Как голая двенадцатилетняя девочка скребла руками землю со стеклом в темном подвале и что она при этом чувствовала, я даже думать не хочу, иначе просто слечу с катушек.
Дети жестоки – факт, и я разных уродов повидал в детстве, но этот белобрысый у*бок переплюнул всех. Вот уж кто-кто, а такое дерьмо должно быть похоронено где-нибудь в глухой лесополосе, а лучше в подвале вместо котенка.
– Леха, ну-ка, быстро тормози этого сучоныша, да так, чтоб на всё фойе верещал, - подрываюсь, едва сдерживаясь, чтобы самому не броситься вслед.
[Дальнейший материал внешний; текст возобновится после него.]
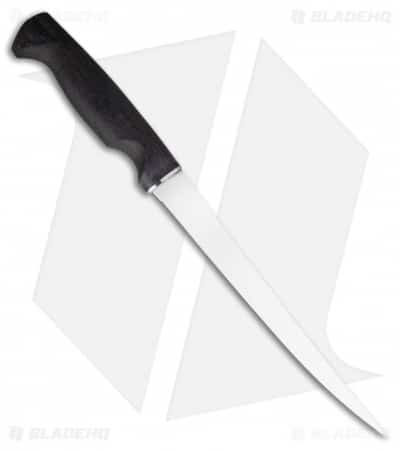 This Traditional 8.5″ Fillet knife has a black canvas Micarta handle for extreme durability and includes the White River “Stay Put” leather sheath.

Если бы не эти удивленные, лощенные рожи, так бы и сделал. Но никому из них нельзя показывать, что для меня это нечто большее, чем просто Можайский. Да и про него тоже нельзя забывать. Как бы у меня внутри не клокотало от бешенства, как бы наизнанку не выворачивало от желания пойти и прямо сейчас выбить все дерьмо из его ублюдочного сынка, обострять ситуацию еще не время. Ставить под удар свою семью, да и Настьку тоже, я не могу. Нужно действовать тоньше, похоронить мразеныша я всегда успею, и обязательно это сделаю, пока же можно просто использовать.